Let's hear the story.


----------



## fixed blade XC-3 (Sep 11, 2007)

Awesome. Guess it's already that time of year, completely polished.


----------



## tommy (Sep 10, 2009)

The story? Kind of ashamed to say... My buddy in the picture spotted three bucks feeding. We were mainly hunting for bulls but I also had my buck tag. He had already filled his archery buck tag so he walked up out of the way so he could watch where they go if I miss. I only thought he was 26" or so. There was another three point comparable in size along with a small two point. The two and three were not cautious at all but this one kept looking down towards me. I knew I had positioned myself correctly with the wind but they were still 150+ yards off. I they fed right down towards me but the four point kept stopping and looking at me. I was on my back behind some fallen timber and as they approached and decided to draw my bow while still concealed. Had to wait the set up until they three point fed behind some trees. As I picked my line (thick timber) and went to position myself my arm strength gave out. It had been a couple of minutes at full draw before I could move. The bow pulled forward and it caused the buck to turn and look right at me. After a long stand off he decided to take a couple more steps. This helped me get back to full draw. There was a small opening through the trees that he hesitated to push through. Luckily he took the steps but went quickly through it. I had the opening lined up but failed to follow the moving buck. As his vitals passed through my line I released. Problem is it was around 40 yards and he jumped my string. It ended up being a gut shot. I lost the blood trail but found him still running around just before dark. The next morning we spread out where I saw him the night before. My buddy found blood and 20 feet further there he was. Must have died that night. That's when I realized how big he really was!


----------



## bigbuck81 (Oct 10, 2007)

Great story! Nobody is perfect! Welcome to the forum!


----------



## Treehugnhuntr (Sep 7, 2007)

Wow, nice buck indeed.


----------



## wyogoob (Sep 7, 2007)

bigbuck81 said:


> .....................Nobody is perfect!.............

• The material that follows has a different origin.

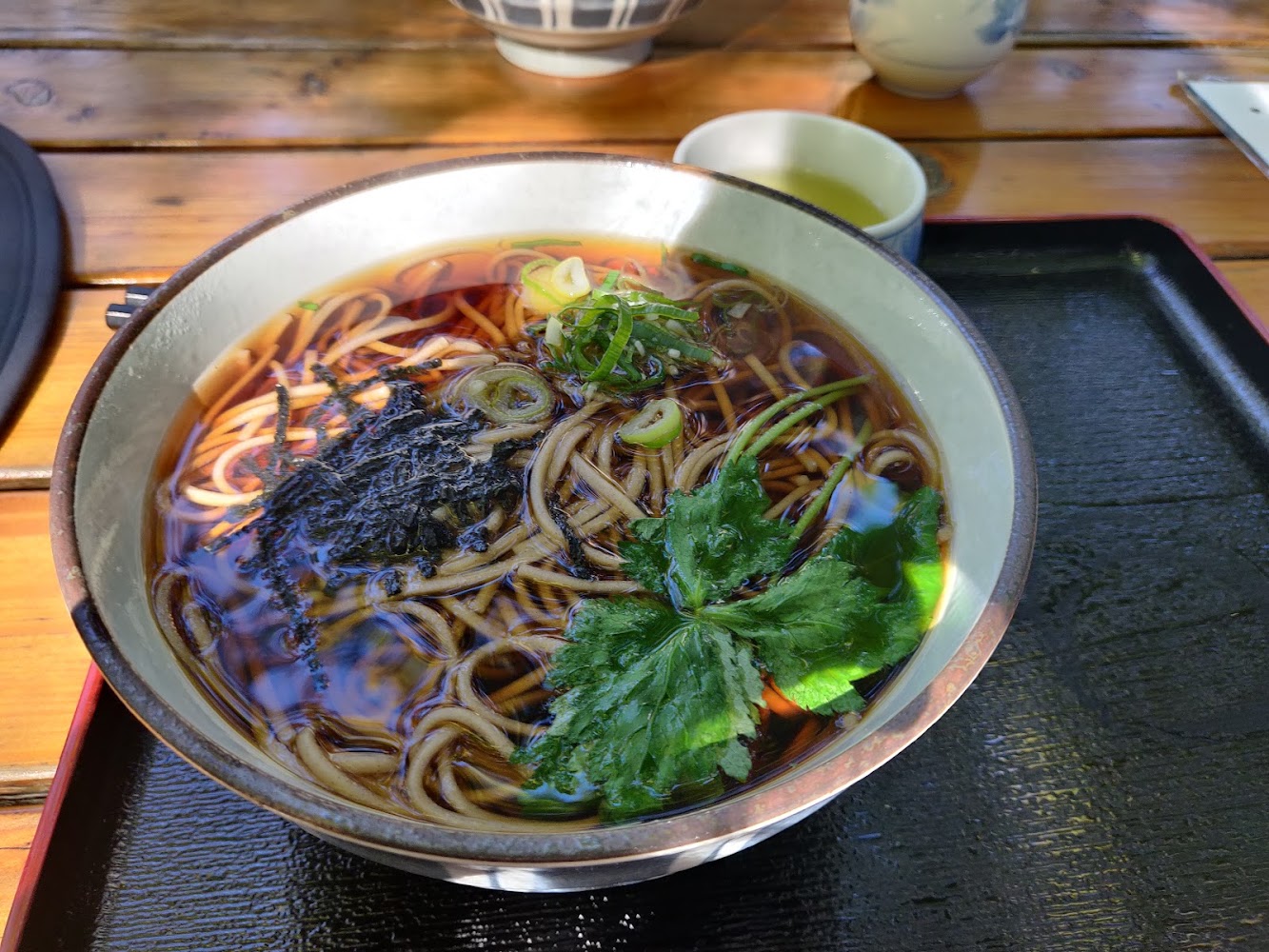 We had a late lunch at Ebisu Soba with delicious noodles. I had been worried about rain, and while we ate lunch at a low table next to a cute little garden, the skies opened up with hail. By the time we left, it had stopped. What a cozy experience!

Whoa now! Evidently you haven't met any of us *moderators.*



Great buck, nice story.


----------



## dkhntrdstn (Sep 7, 2007)

awesome buck there.congrats.


----------



## Riverrat77 (Sep 7, 2007)

Thats a really nice deer, congrats.


----------



## havnfun (Dec 3, 2007)

Sweet ! congrats.


----------



## katorade (Sep 23, 2007)

That'ss a good buck in most peoples standards anywhere.
Nice


----------



## Raptorman (Aug 18, 2009)

Very Very nice. Sounds like a nice couple of first years with a bow


----------



## lehi (Sep 13, 2007)

Wow great deer and nice story!


----------



## Poo Pie (Nov 23, 2007)

Hell ya!!!! hard horned to boot!


----------



## torowy (Jun 19, 2008)

great buck


----------